This is not trivial. Many models that claim 128K context support degrade significantly beyond 32K tokens. M2.5's MoE architecture, combined with its expert routing, appears to maintain attention fidelity across the full context window. For retrieval-augmented generation (RAG) pipelines that stuff long documents into context, this is exactly the behavior you want.

Tool Use: 87% Accuracy

Category	Score
Single tool call	100% (5/5)
Argument extraction	100% (2/2)
Multi-tool	67% (2/3)
Conditional tool use	80% (4/5)
Overall	87% (13/15)

Single-tool and argument extraction are perfect. Multi-tool and conditional scenarios show some weakness but remain well above random. For agentic AI frameworks where the model needs to decide which function to call, extract the right arguments, and sometimes chain multiple calls, 87% is workable in production with appropriate error handling.

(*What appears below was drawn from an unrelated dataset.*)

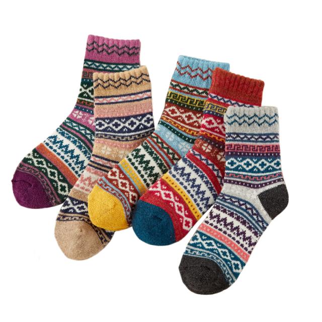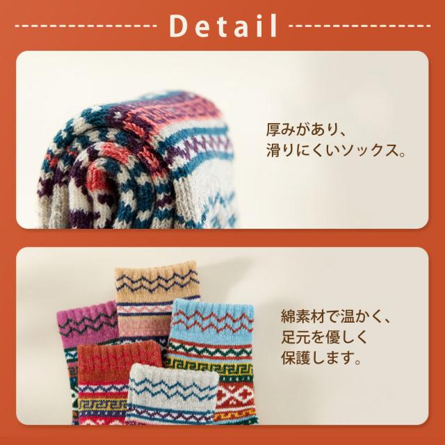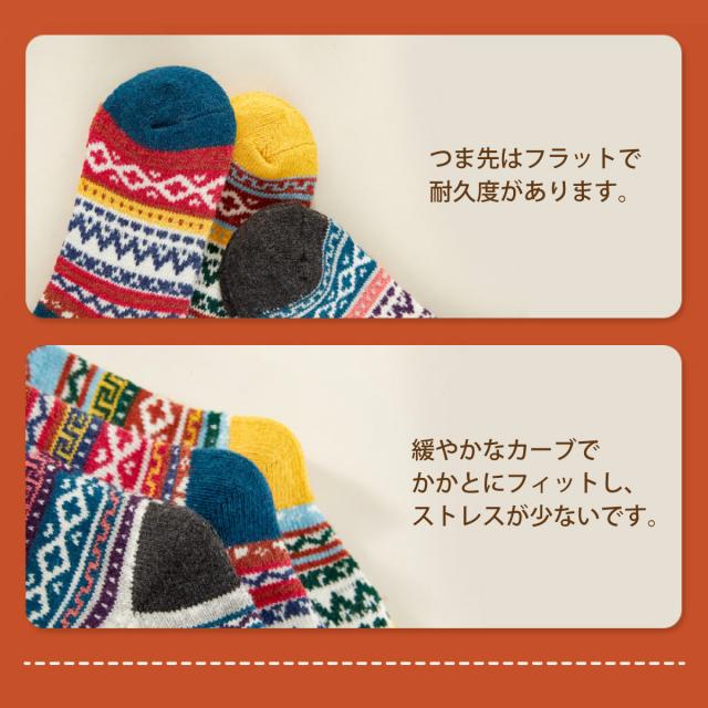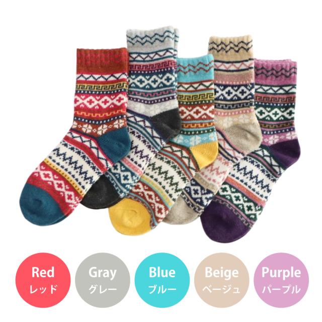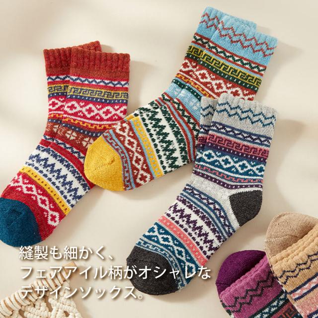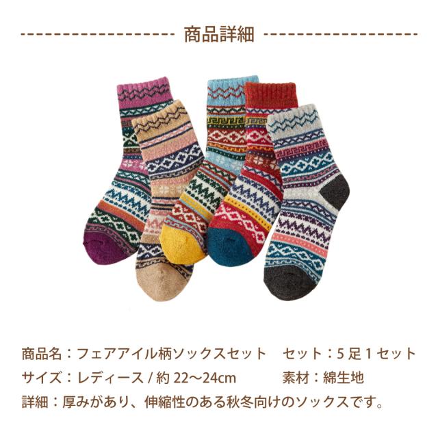 レディース 靴下 フェアアイル柄 5足セット ソックス 暖かい おしゃれ ロークルー カラフル 大人 かわいい 冷房対策 保温 厚手 防寒対策 冷え 冷え性対策 socks05 sh_of

Instruction Following: The Weak Spot

IFBench told a less encouraging story: 35% overall (7/20).

Constraint Type	Accuracy
Keyword inclusion	50%
Word count	33%
Format constraint	40%
Style	33%
Structure	0%
Multi-constraint	33%

Structure constraints — "write exactly 3 paragraphs," "use bullet points," "include a header" — scored 0%. The model generates text but does not follow formatting instructions reliably. Combined with the MT-Bench scores, this paints a consistent picture: M2.5 was not primarily optimized for instruction-following tasks in its current release.

The 8-GPU Tax

Every discussion of M2.5 must start with the infrastructure question. You need 8x H100 SXM GPUs. At Lambda Labs pricing ($2.49/hr per GPU), that is $19.92 per hour. Running 24/7, that is $14,342 per month.

But raw hourly cost is the wrong metric for comparison. What matters is cost per million tokens processed:

Configuration	Hourly Cost	Throughput (tok/s)	Cost per M Tokens
M2.5 on 8x H100 (conc=32)	$19.92	3,431	$1.61
Gemma 4 31B on 1x H100 (conc=32)	$2.49	615	$1.12
Llama 3.1 70B on 2x H100 (est.)	$4.98	~900	$1.54
DeepSeek V3 on 8x H100 (est.)	$19.92	~4,200	$1.32

At $1.61 per million tokens, M2.5 is not the most cost-efficient option. Gemma 4 at $1.12/M and DeepSeek V3 at an estimated $1.32/M both undercut it. But M2.5 is competitive — and if your workload demands 128K context with perfect recall, neither Gemma 4 (8K context) nor most 70B dense models can match it. Cost efficiency is a function of what you need, not just what you pay.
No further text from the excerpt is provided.